#### [Your goal]
Transcribe the data that follows in full. Leave out the pictures.

[Records contained in a dataset]

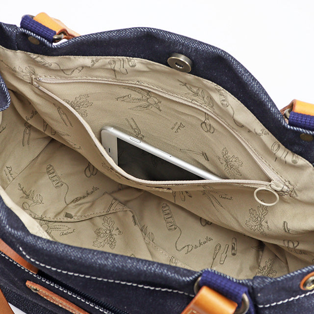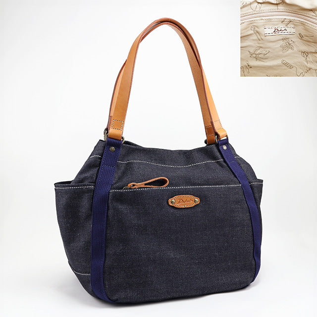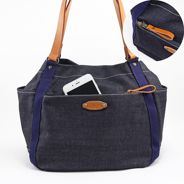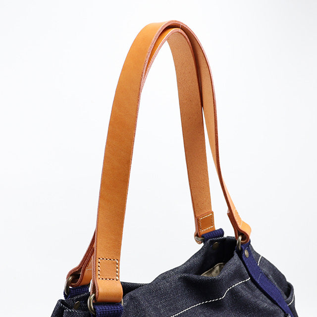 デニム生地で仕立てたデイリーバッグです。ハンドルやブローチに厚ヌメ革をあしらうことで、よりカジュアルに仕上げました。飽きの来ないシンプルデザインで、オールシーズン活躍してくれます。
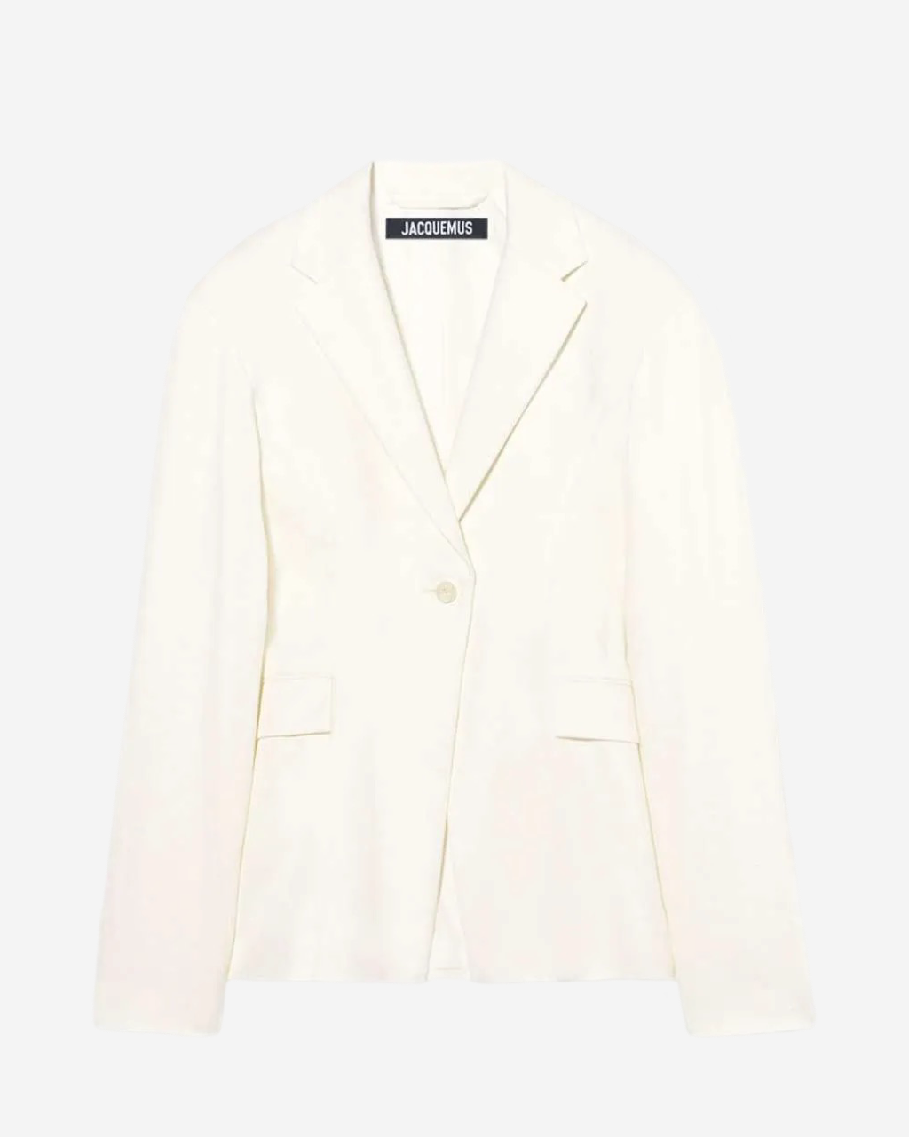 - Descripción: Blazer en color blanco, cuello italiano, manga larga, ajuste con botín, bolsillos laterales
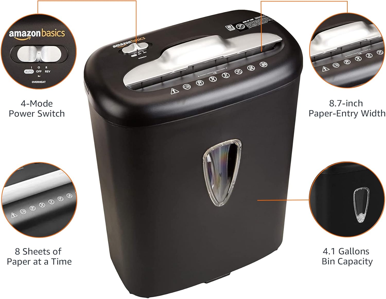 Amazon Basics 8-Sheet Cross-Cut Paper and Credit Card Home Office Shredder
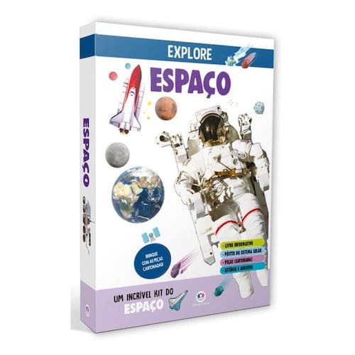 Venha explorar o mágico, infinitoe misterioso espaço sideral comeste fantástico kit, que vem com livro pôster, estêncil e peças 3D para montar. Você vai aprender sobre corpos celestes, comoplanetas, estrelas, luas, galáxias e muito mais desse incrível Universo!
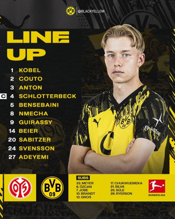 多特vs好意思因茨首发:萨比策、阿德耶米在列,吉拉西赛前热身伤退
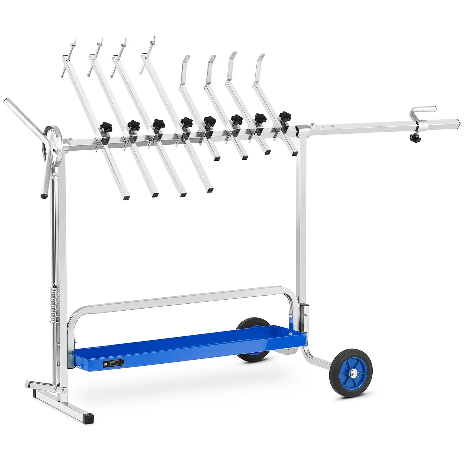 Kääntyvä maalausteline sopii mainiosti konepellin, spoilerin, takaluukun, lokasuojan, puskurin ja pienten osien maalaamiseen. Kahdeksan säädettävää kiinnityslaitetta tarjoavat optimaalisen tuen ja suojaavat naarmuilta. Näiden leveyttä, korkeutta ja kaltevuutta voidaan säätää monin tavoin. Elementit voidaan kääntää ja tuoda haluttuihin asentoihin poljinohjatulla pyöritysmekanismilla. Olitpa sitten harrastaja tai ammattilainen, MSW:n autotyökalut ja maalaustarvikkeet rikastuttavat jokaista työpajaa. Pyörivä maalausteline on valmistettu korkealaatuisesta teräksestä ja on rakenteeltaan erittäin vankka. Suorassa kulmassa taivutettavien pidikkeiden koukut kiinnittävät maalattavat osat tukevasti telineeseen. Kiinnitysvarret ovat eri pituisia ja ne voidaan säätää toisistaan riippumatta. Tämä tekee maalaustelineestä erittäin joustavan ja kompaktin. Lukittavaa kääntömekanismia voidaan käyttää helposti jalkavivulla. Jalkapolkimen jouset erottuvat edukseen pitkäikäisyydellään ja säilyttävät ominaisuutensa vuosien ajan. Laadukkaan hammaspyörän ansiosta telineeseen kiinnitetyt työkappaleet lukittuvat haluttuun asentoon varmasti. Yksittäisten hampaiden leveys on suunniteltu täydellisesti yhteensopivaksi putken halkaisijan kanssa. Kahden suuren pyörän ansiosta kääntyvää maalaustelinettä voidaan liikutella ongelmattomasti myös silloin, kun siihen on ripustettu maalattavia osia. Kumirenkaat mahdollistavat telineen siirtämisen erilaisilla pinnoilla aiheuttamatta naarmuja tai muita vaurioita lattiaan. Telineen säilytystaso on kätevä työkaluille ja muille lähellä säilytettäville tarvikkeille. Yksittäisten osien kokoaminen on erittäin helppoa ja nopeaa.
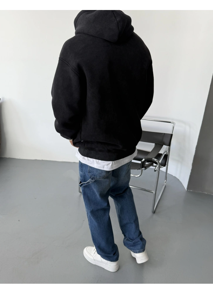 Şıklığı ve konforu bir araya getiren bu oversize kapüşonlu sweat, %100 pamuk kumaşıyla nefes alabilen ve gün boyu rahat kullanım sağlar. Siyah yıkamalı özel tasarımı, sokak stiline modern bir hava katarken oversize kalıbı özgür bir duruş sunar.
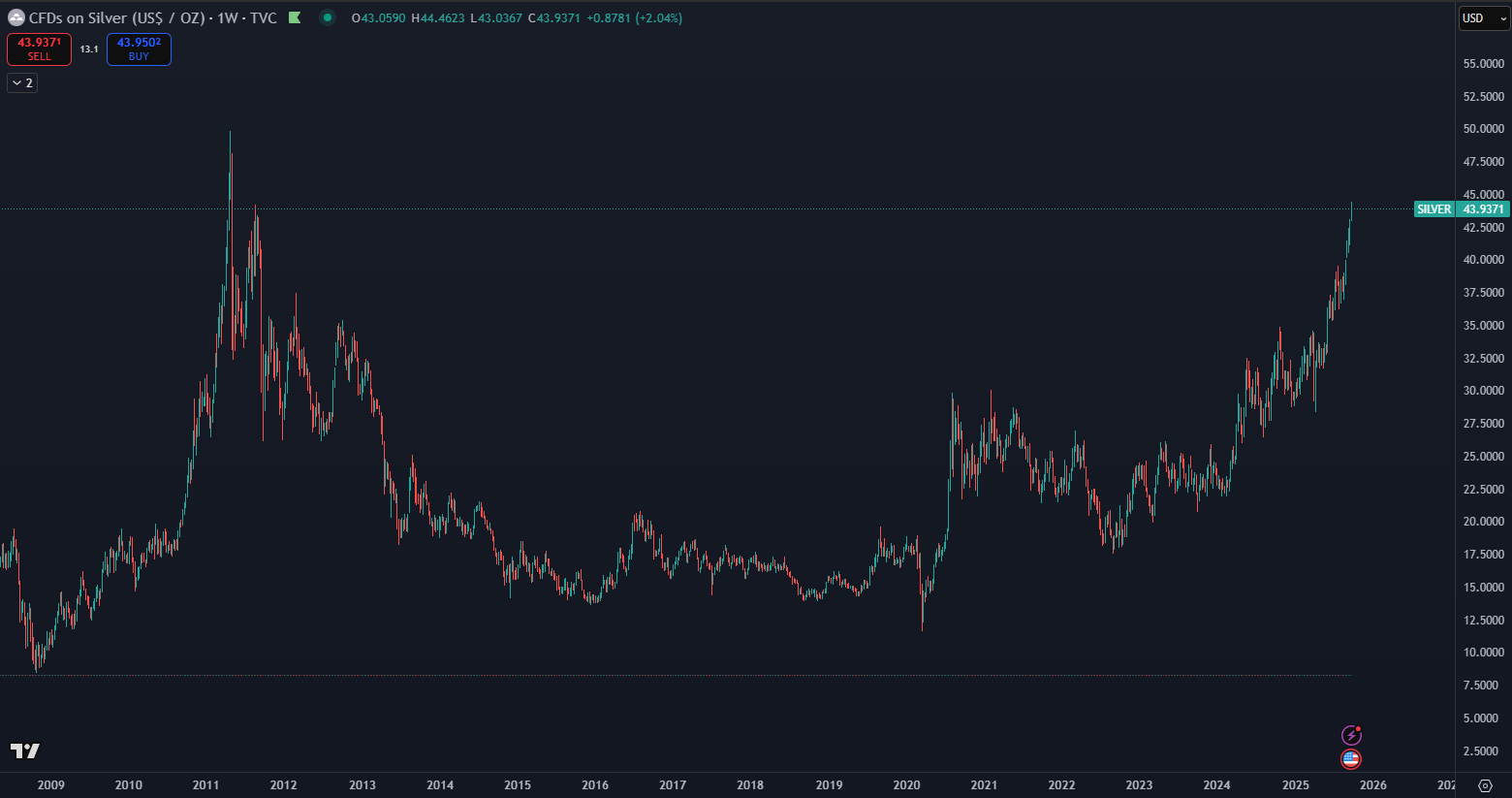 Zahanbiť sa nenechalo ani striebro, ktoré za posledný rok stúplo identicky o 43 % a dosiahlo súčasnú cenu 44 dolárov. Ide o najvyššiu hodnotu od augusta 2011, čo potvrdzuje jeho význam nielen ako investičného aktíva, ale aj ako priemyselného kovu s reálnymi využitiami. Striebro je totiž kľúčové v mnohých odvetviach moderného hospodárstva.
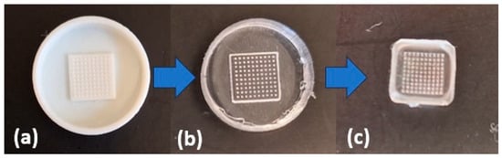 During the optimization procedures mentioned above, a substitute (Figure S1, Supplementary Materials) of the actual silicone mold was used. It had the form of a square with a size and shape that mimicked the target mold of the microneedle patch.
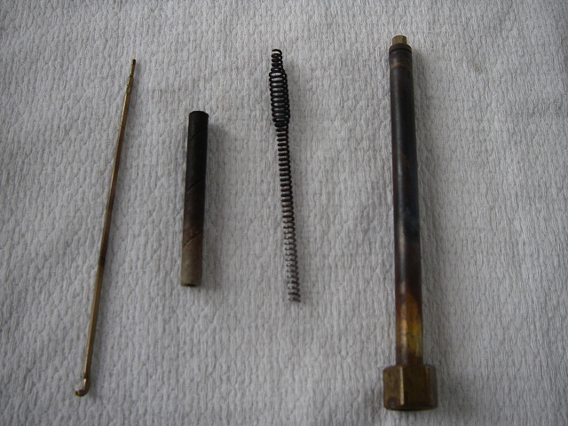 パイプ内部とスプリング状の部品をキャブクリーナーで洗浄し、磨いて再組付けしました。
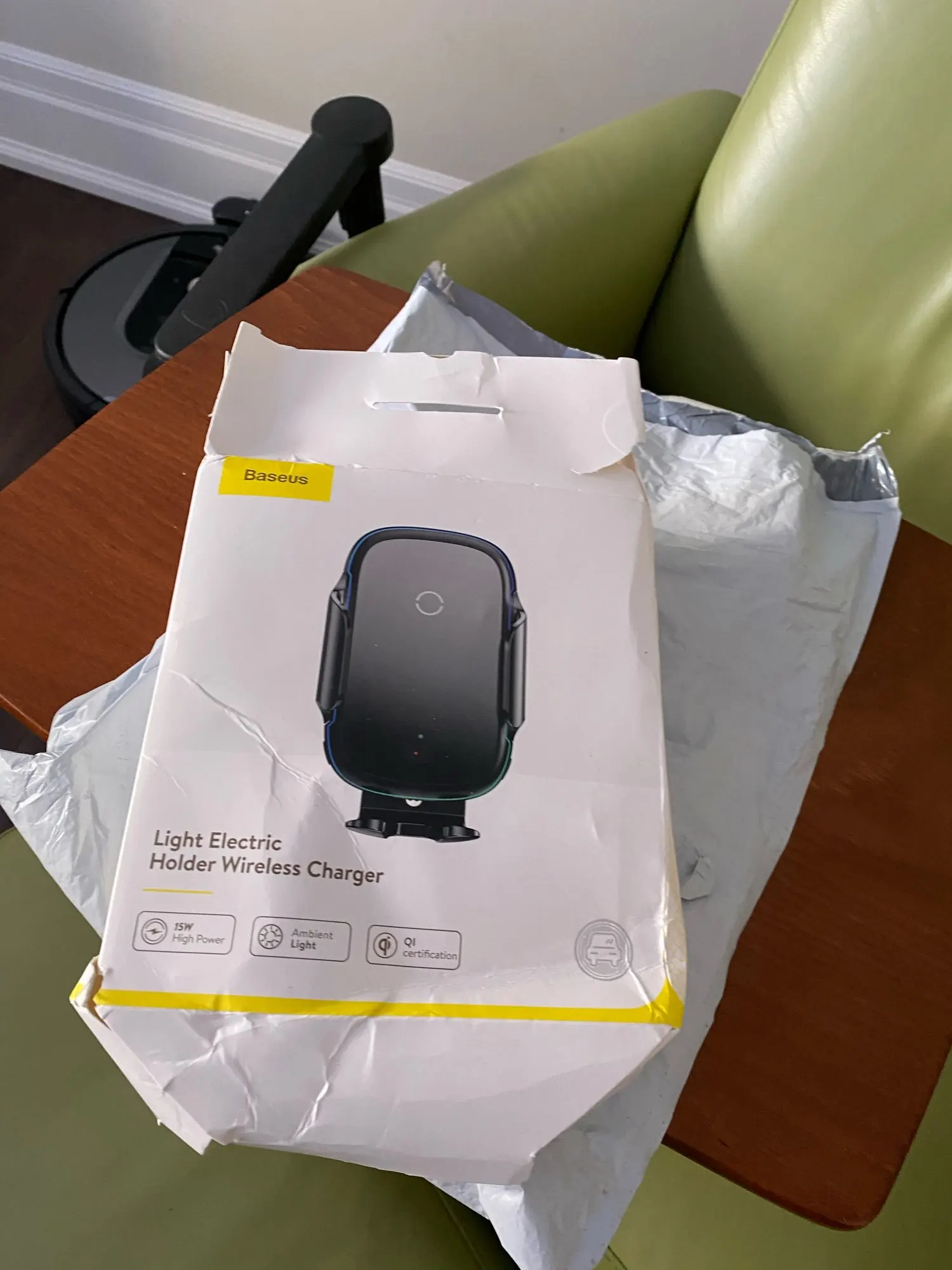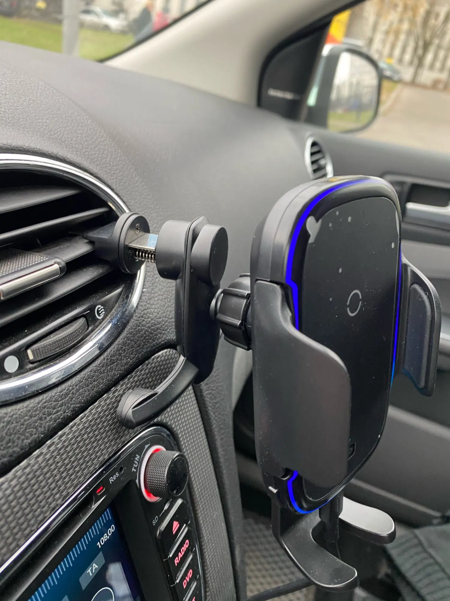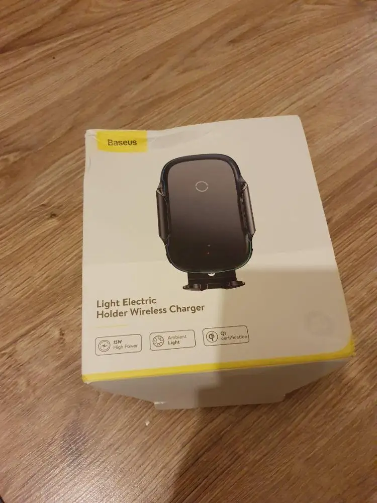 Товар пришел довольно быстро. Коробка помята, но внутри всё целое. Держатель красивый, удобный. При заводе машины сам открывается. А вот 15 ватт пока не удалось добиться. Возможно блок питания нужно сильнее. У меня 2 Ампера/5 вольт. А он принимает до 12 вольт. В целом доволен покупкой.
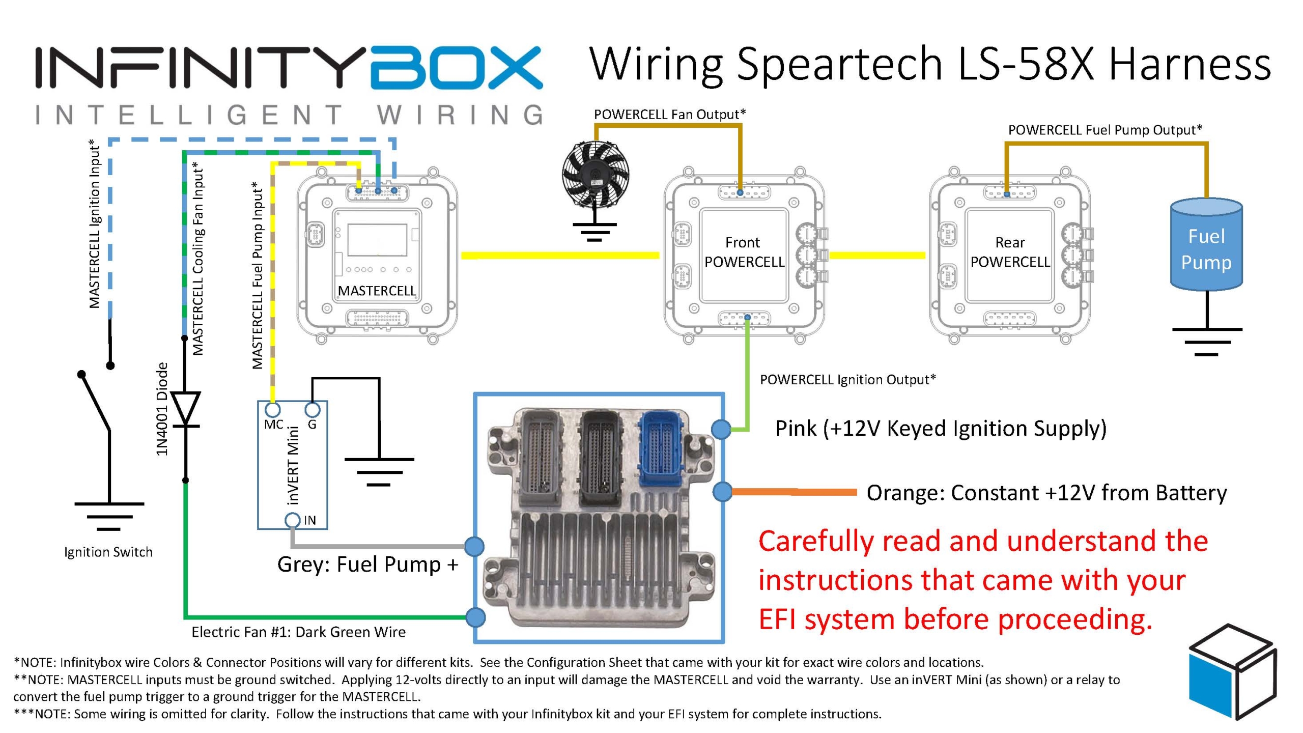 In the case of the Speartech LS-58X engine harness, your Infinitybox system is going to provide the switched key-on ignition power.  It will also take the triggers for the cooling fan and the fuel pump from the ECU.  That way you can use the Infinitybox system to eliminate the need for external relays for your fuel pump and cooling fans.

#### [Exercise solution]
 デニム生地で仕立てたデイリーバッグです。ハンドルやブローチに厚ヌメ革をあしらうことで、よりカジュアルに仕上げました。飽きの来ないシンプルデザインで、オールシーズン活躍してくれます。
 - Descripción: Blazer en color blanco, cuello italiano, manga larga, ajuste con botín, bolsillos laterales
 Amazon Basics 8-Sheet Cross-Cut Paper and Credit Card Home Office Shredder
 Venha explorar o mágico, infinitoe misterioso espaço sideral comeste fantástico kit, que vem com livro pôster, estêncil e peças 3D para montar. Você vai aprender sobre corpos celestes, comoplanetas, estrelas, luas, galáxias e muito mais desse incrível Universo!
 多特vs好意思因茨首发:萨比策、阿德耶米在列,吉拉西赛前热身伤退
 Kääntyvä maalausteline sopii mainiosti konepellin, spoilerin, takaluukun, lokasuojan, puskurin ja pienten osien maalaamiseen. Kahdeksan säädettävää kiinnityslaitetta tarjoavat optimaalisen tuen ja suojaavat naarmuilta. Näiden leveyttä, korkeutta ja kaltevuutta voidaan säätää monin tavoin. Elementit voidaan kääntää ja tuoda haluttuihin asentoihin poljinohjatulla pyöritysmekanismilla. Olitpa sitten harrastaja tai ammattilainen, MSW:n autotyökalut ja maalaustarvikkeet rikastuttavat jokaista työpajaa. Pyörivä maalausteline on valmistettu korkealaatuisesta teräksestä ja on rakenteeltaan erittäin vankka. Suorassa kulmassa taivutettavien pidikkeiden koukut kiinnittävät maalattavat osat tukevasti telineeseen. Kiinnitysvarret ovat eri pituisia ja ne voidaan säätää toisistaan riippumatta. Tämä tekee maalaustelineestä erittäin joustavan ja kompaktin. Lukittavaa kääntömekanismia voidaan käyttää helposti jalkavivulla. Jalkapolkimen jouset erottuvat edukseen pitkäikäisyydellään ja säilyttävät ominaisuutensa vuosien ajan. Laadukkaan hammaspyörän ansiosta telineeseen kiinnitetyt työkappaleet lukittuvat haluttuun asentoon varmasti. Yksittäisten hampaiden leveys on suunniteltu täydellisesti yhteensopivaksi putken halkaisijan kanssa. Kahden suuren pyörän ansiosta kääntyvää maalaustelinettä voidaan liikutella ongelmattomasti myös silloin, kun siihen on ripustettu maalattavia osia. Kumirenkaat mahdollistavat telineen siirtämisen erilaisilla pinnoilla aiheuttamatta naarmuja tai muita vaurioita lattiaan. Telineen säilytystaso on kätevä työkaluille ja muille lähellä säilytettäville tarvikkeille. Yksittäisten osien kokoaminen on erittäin helppoa ja nopeaa.
 Şıklığı ve konforu bir araya getiren bu oversize kapüşonlu sweat, %100 pamuk kumaşıyla nefes alabilen ve gün boyu rahat kullanım sağlar. Siyah yıkamalı özel tasarımı, sokak stiline modern bir hava katarken oversize kalıbı özgür bir duruş sunar.
 Zahanbiť sa nenechalo ani striebro, ktoré za posledný rok stúplo identicky o 43 % a dosiahlo súčasnú cenu 44 dolárov. Ide o najvyššiu hodnotu od augusta 2011, čo potvrdzuje jeho význam nielen ako investičného aktíva, ale aj ako priemyselného kovu s reálnymi využitiami. Striebro je totiž kľúčové v mnohých odvetviach moderného hospodárstva.
 During the optimization procedures mentioned above, a substitute (Figure S1, Supplementary Materials) of the actual silicone mold was used. It had the form of a square with a size and shape that mimicked the target mold of the microneedle patch.
 パイプ内部とスプリング状の部品をキャブクリーナーで洗浄し、磨いて再組付けしました。
 Товар пришел довольно быстро. Коробка помята, но внутри всё целое. Держатель красивый, удобный. При заводе машины сам открывается. А вот 15 ватт пока не удалось добиться. Возможно блок питания нужно сильнее. У меня 2 Ампера/5 вольт. А он принимает до 12 вольт. В целом доволен покупкой.
 In the case of the Speartech LS-58X engine harness, your Infinitybox system is going to provide the switched key-on ignition power.  It will also take the triggers for the cooling fan and the fuel pump from the ECU.  That way you can use the Infinitybox system to eliminate the need for external relays for your fuel pump and cooling fans.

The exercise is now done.